Around the age of six or seven, each of my three sons anxiously asked me: “Mummy, do you care more about girls than you care about boys?” Or, more specifically: “Mummy, do you care more about girls than you care about us?”

It’s a bittersweet question. Admittedly, we do talk a lot about women and girls in our house. So, when they voice these concerns, we discuss why I’ve spent much of my career working toward gender equality and preventing gender-based violence.

I explain why it’s important for everybody to work for girls and women; why it’s about all of us, not about “them” and us. These conversations aren’t always easy, but I’m often reminded why we must keep having them.

As we mark this year’s anniversary of the Montreal Massacre, I’ll talk to my sons about its significance and legacy. Each year, I generally attend a vigil, a lecture, or another event related to the day in 1989 when an armed man walked into the École Polytechnique de Montréal, isolated a group of female students and started a rampage that killed 14 women. He told them he was fighting feminism.

It’s been almost 30 years since this inconceivable act of violent misogyny, but Canadians must keep asking ourselves: What are we doing to make women’s and girls’ lives safer? And what are we doing about it now? Not 100 years from now. Of course, making substantive progress means improving policy, legislation, resources, and funding to address gender-based violence in all its forms, rather than continuing to let it simmer on the back burner.

But it’s not all about change at the government level; there’s so much we can do at the grassroots level to prevent the transmission of inequality and misogyny to the next generation. Patterns of abuse and entitlement to women are often learned at a young age, so prevention of inequality and misogyny has to start early—in our homes, schools, and communities. That’s why the Canadian Women’s Foundation funds teen healthy relationship programs across the country.
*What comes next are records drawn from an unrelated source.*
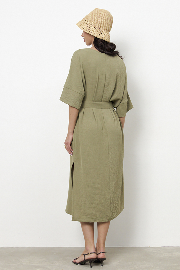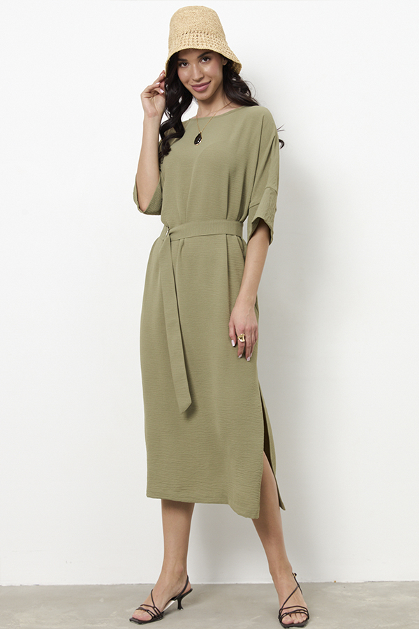 Платье из ткани с крэш-эффектом. Свободный силуэт, с разрезом в боковом шве. Круглый вырез горловины окантован косой бейкой из основной ткани. Цельнокроеный рукав с притачной манжетой. В комплекте пояс из основной ткани. В таблице размеров представлены параметры человека, а не изделия.
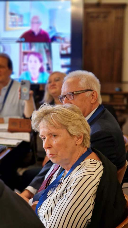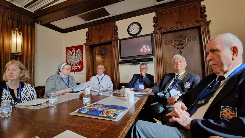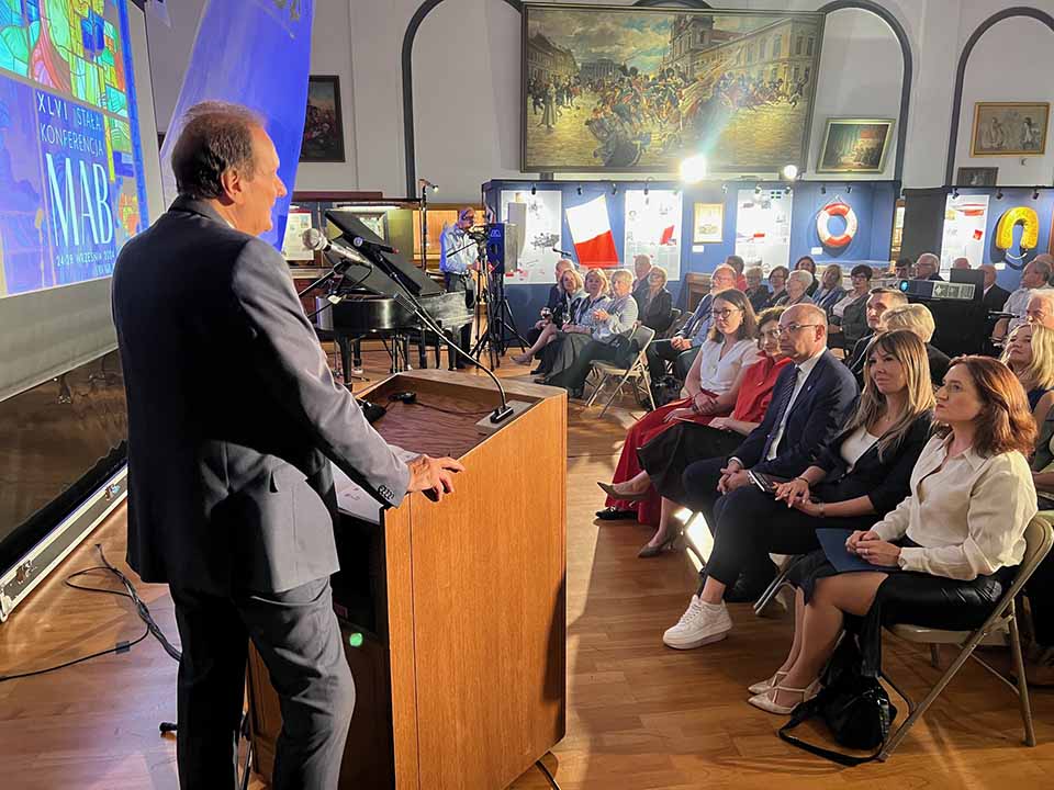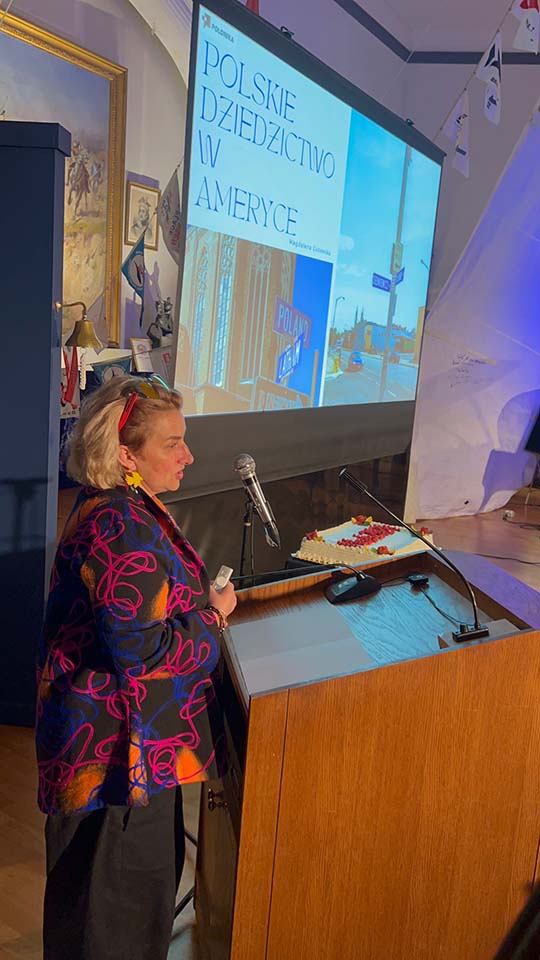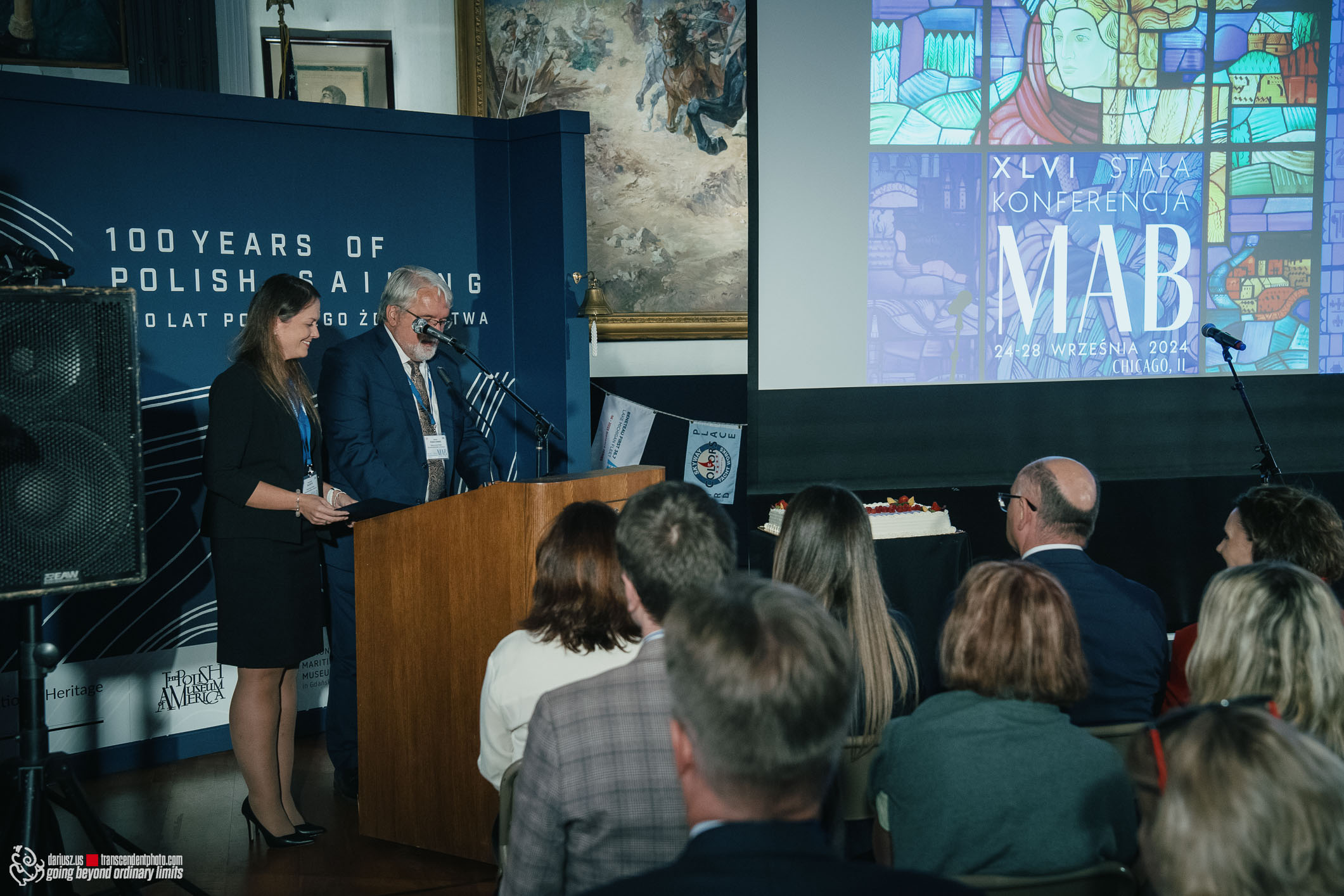 The official start of the convention took place in the evening, with Ryszard Owsiany, President of the Polish Museum of America, leading the program and welcoming the gathered guests. One of the first speakers was James Robaczewski, Chairman of the Board of Directors of the Polish Museum of America and President of the Polish Roman Catholic Union of America. His speech was translated from English into Polish by Agnieszka Bastrzyk, Treasurer and National Secretary of the PRCUA. This was followed by remarks from Misia Jaminski, representing the Polish American Congress, and then by Julia Konopka-Żołnierczuk from the National Library of Poland. Then, Teresa Ackermann from the Kościuszko Museum in Solothurn distributed a surprise gift to all attendees—a commemorative publication from the previous conference. Sylwia Tryc, Acting Director of the National Institute of Polish Cultural Heritage Abroad POLONIKA, fulfilled her promise made in Solothurn by presenting a collective publication of all the papers from that event. Speeches were also delivered by Agata Grochowska, Vice Consul and Head of the Department of Polish American Community, Communication and Public Diplomacy at the Consulate General of the Republic of Poland in Chicago, Jolanta Miśkowiec, Director of the Department of the Ministry of Culture and National Heritage and Mateusz Szpytma, Deputy President of the Institute of National Remembrance. We extend our thanks to all the speakers for their insightful remarks.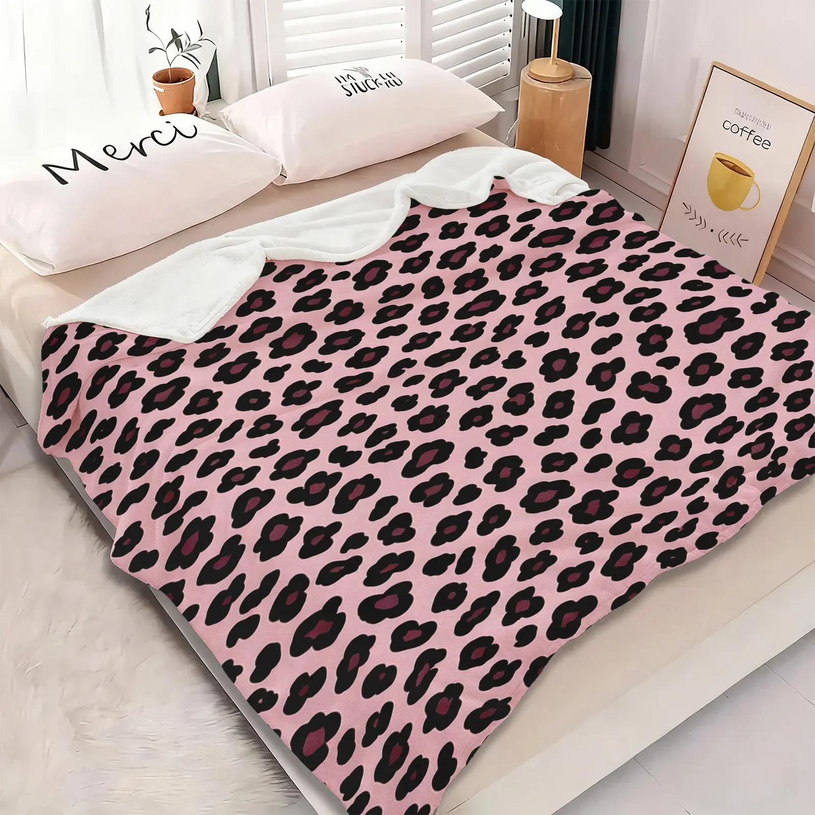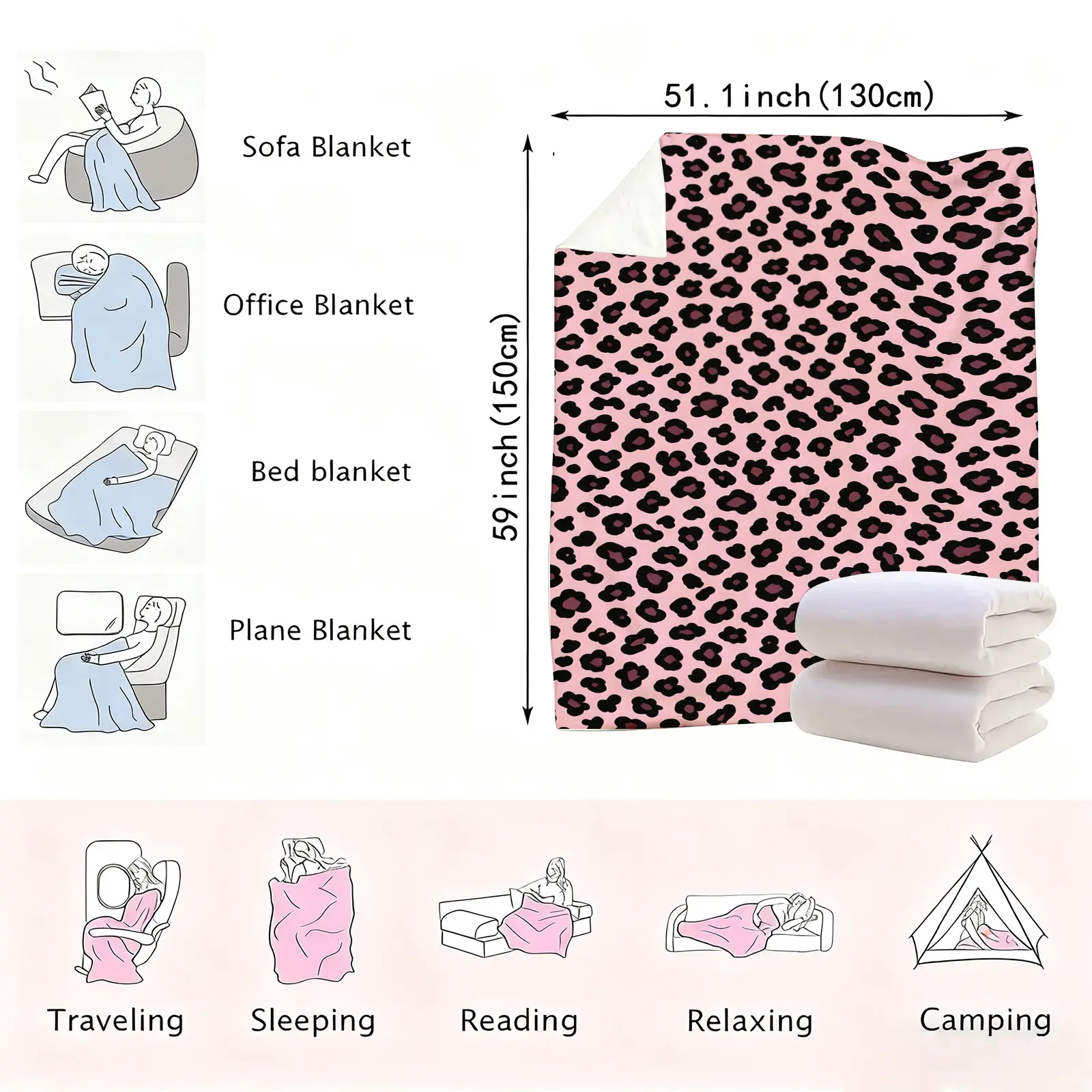 Pink Leopard Print Flannel Throw Blanket, Soft Cozy Cheetah Pattern Blanket, Warm Aesthetic Decor Throw for Couch, Bedroom, Ideal Gift for Teen Girls, Women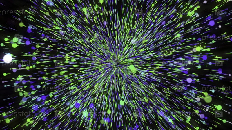 Абстрактные многоцветные линии распространяются по широкому кругу из одной точки.Движение.Концепция празднования, взрывающийся петард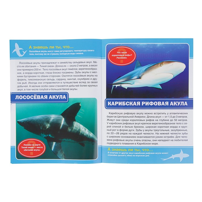 Энциклопедия. Акулы (214*290мм) 16стр — отличный вариант для тех родителей, которые привыкли окружать своего малыша только лучшими и качественными вещами. За такой книжкой ваш ребёнок проведёт время с пользой и удовольствием, узнает много нового и интересного.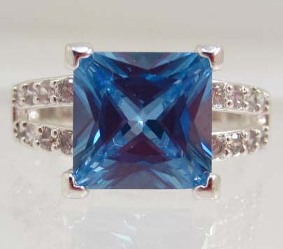 5783 - SILVER BLUE & WHITE TOPAZ RING SIZE 7

These programs offer teens of all genders the tools and the language to understand how the dynamics of gender, power and control can impact their own lives. And the difference they make is clear. Our evaluations show that 72 per cent of participants learn to recognize the signs of a healthy relationship, and 70 per cent said they better understand that all genders should have the same opportunities.

Teens who participate in the programs speak to the impact most powerfully. It was like a “light bulb flicking on” for Ben Lord, who attended the Making Waves program in Nova Scotia when he was in high school. “Now I can’t open up a magazine without noticing all the sexism,” he said when he shared his experience with the Foundation. “It’s baffling that it’s so normalized. We just mindlessly consume all of this patriarchal imagery and it’s very detrimental to everyone. These aren’t just women’s issues.”

How do these programs succeed in communicating that all of us have a stake in achieving gender equality? One reason is that they engage young people at a crucial point in their lives, when friendships and dating become focal points. The programs provide a rare opportunity to talk about creating healthy relationships in a supportive environment, as well as to practice skills like setting boundaries and resolving conflicts. Teens begin to recognize how traditional gender roles limit their own lives, and develop the critical-thinking skills to challenge them. I firmly believe, as Ben says, that “these programs need to be available to everyone.”

As a parent, what I’ve learned from working with teen healthy relationship programs continues to influence conversations with my own sons about gender inequality. They’re now developing the maturity to realize that the “gender box” constrains and controls them as well. They see how they’re expected to behave in a “masculine” way, and if they don’t they’ll be ridiculed or pushed around.

But I’m also impressed to see that my older boys are beginning to realize their own agency. I see them starting to channel their frustration into being part of the social change we all want. And that gives me great hope. Because gender equality is about all of us, not about “them” and us.